• [Assignment] Write out exactly the lines from the one containing "20 €Wille 455" through the last line of the records below, both included, and leave out any pictures.

Collection entries:
BEGIN

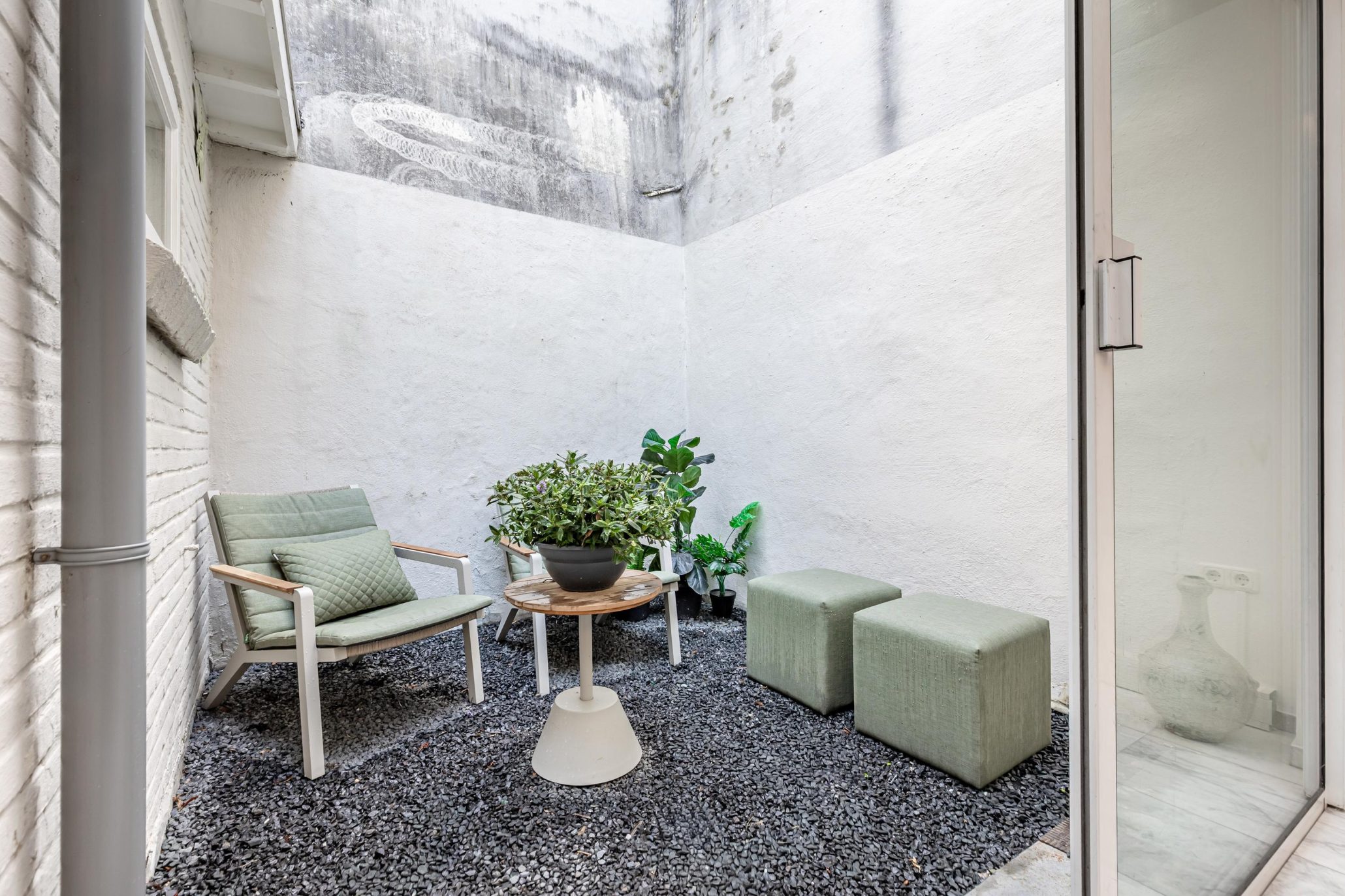 Via de serre bereik je de beschutte patio-tuin: een intieme buitenruimte waar je, omgeven door hoge muren, geniet van volledige privacy. De bestrating is onderhoudsvriendelijk en biedt ruimte voor een eettafel of loungeset. Dankzij de zuidwest ligging profiteer je verrassend genoeg nog van de zon, terwijl de stadse geluiden op de achtergrond vervagen. Een heerlijke plek voor een glas wijn in de avond of een rustige koffiepauze in de ochtend.
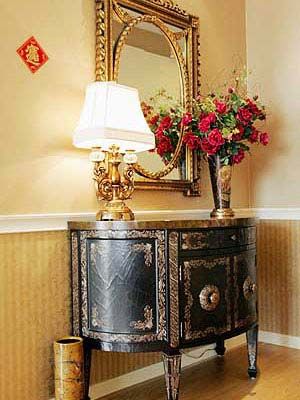 照明方面,由于玄關(guān)里有許多彎曲的拐角、小角落與縫隙,所以讓照明設(shè)計分外困難。使用嵌壁型朝天燈與巢型壁燈都可讓燈光上揚,產(chǎn)生相當(dāng)?shù)膶哟胃?,而且也有從玄關(guān)持續(xù)延伸至樓梯上的感覺。此外,你也可以利用一對吊燈,或是如果有足夠的空間擺上一張小桌子,也可以用一兩盞燈補強光線。另一個能將幽暗的玄關(guān)裝點得比較活潑有趣的方法是,設(shè)法在回廊上掛幾張照片、圖片或畫作,更可以在畫上加兩盞小燈,讓你所珍愛的收藏分外耀眼,引人注目。
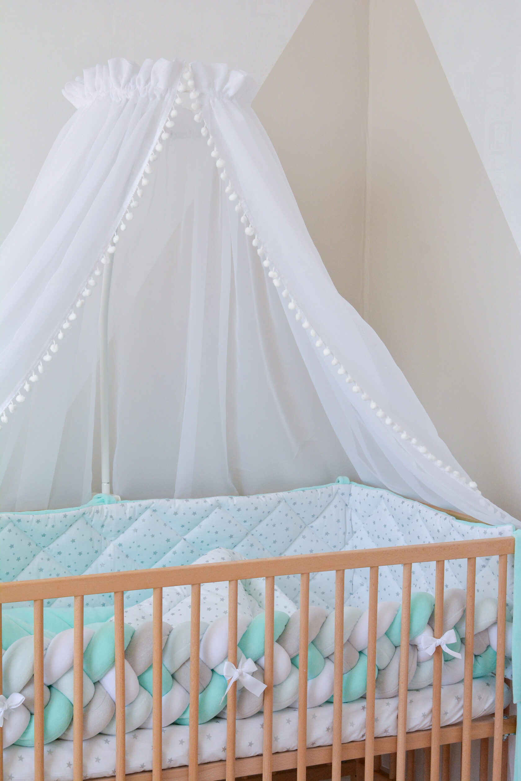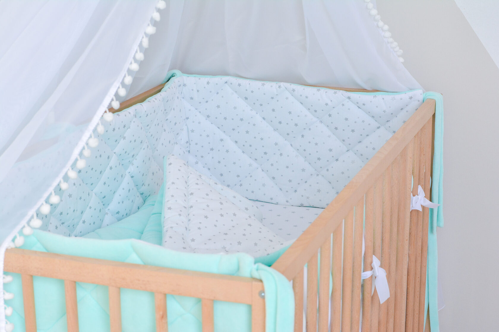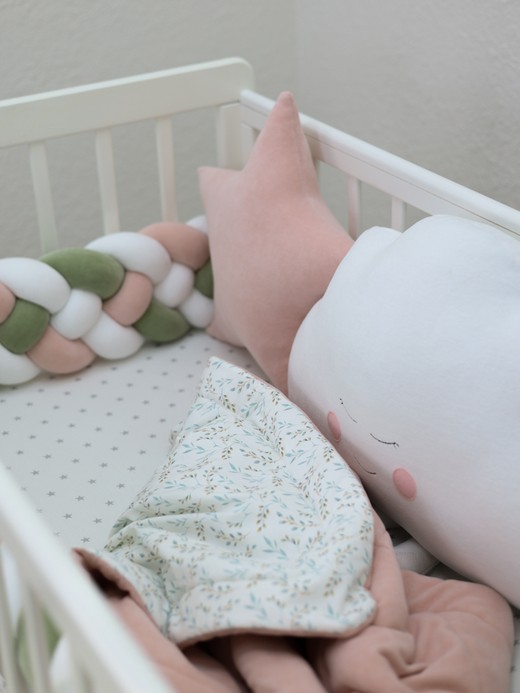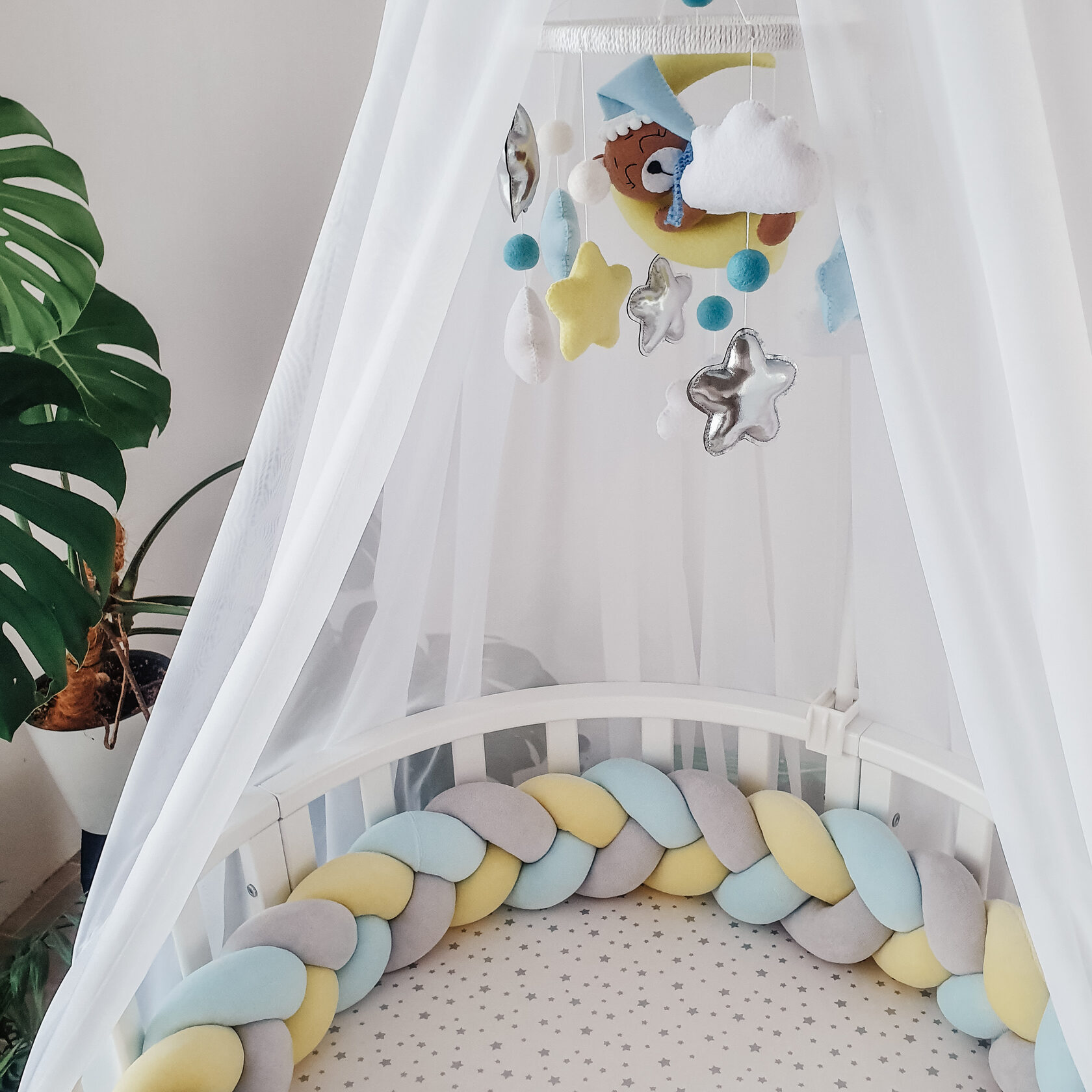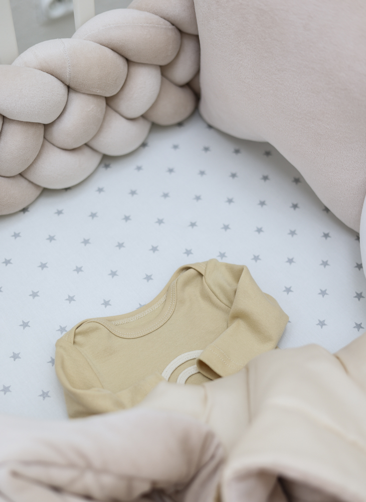 Нежнейшие плоские бортики в оттенке "Нежная сирень" высотой 30 см и длиной 235 см, что идеально подойдет на весь периметр круглой кроватки, диаметром 75 см или на три стороны прямоугольной кроватки 120х60 см или на три стороны овальной кроватки.
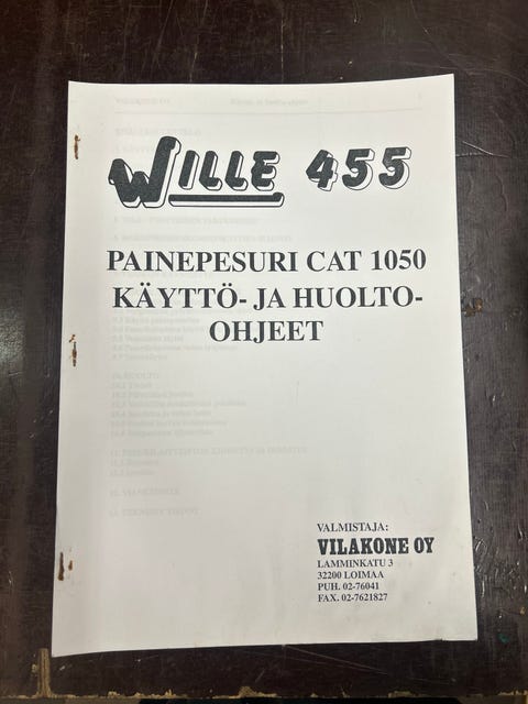 20 €Wille 455 painepesuri CAT 1050 käyttö- ja huolto-ohjeetNurmijärvi, Klaukkala, Uusimaa22 tLisää suosikiksi.
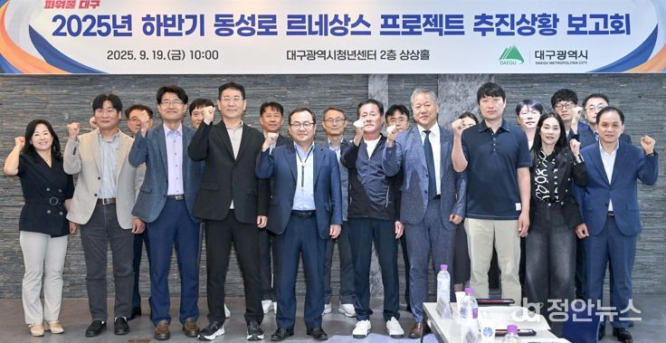 정안뉴스 안정주 기자 | 대구광역시는 지난 9월 19일 오전 10시, 대구시청년센터 2층 상상홀에서 홍성주 대구시 경제부시장 주재로 ‘2025년 하반기 동성로 르네상스 프로젝트 추진상황 보고회’를 개최했다.
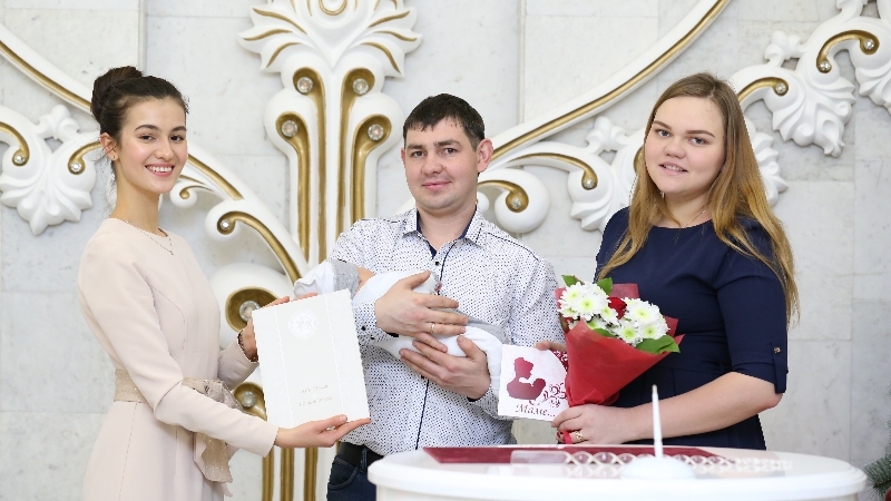 Специалисты Управления ЗАГС поздравили родителей с рождением сына, пожелали счастья, семейного уюта и благополучия, вручили свидетельство о рождении и поздравительное обращение от местной общественной организации «Женщины Нижнекамска».

END

• [Answer box]
 20 €Wille 455 painepesuri CAT 1050 käyttö- ja huolto-ohjeetNurmijärvi, Klaukkala, Uusimaa22 tLisää suosikiksi.
 정안뉴스 안정주 기자 | 대구광역시는 지난 9월 19일 오전 10시, 대구시청년센터 2층 상상홀에서 홍성주 대구시 경제부시장 주재로 ‘2025년 하반기 동성로 르네상스 프로젝트 추진상황 보고회’를 개최했다.
 Специалисты Управления ЗАГС поздравили родителей с рождением сына, пожелали счастья, семейного уюта и благополучия, вручили свидетельство о рождении и поздравительное обращение от местной общественной организации «Женщины Нижнекамска».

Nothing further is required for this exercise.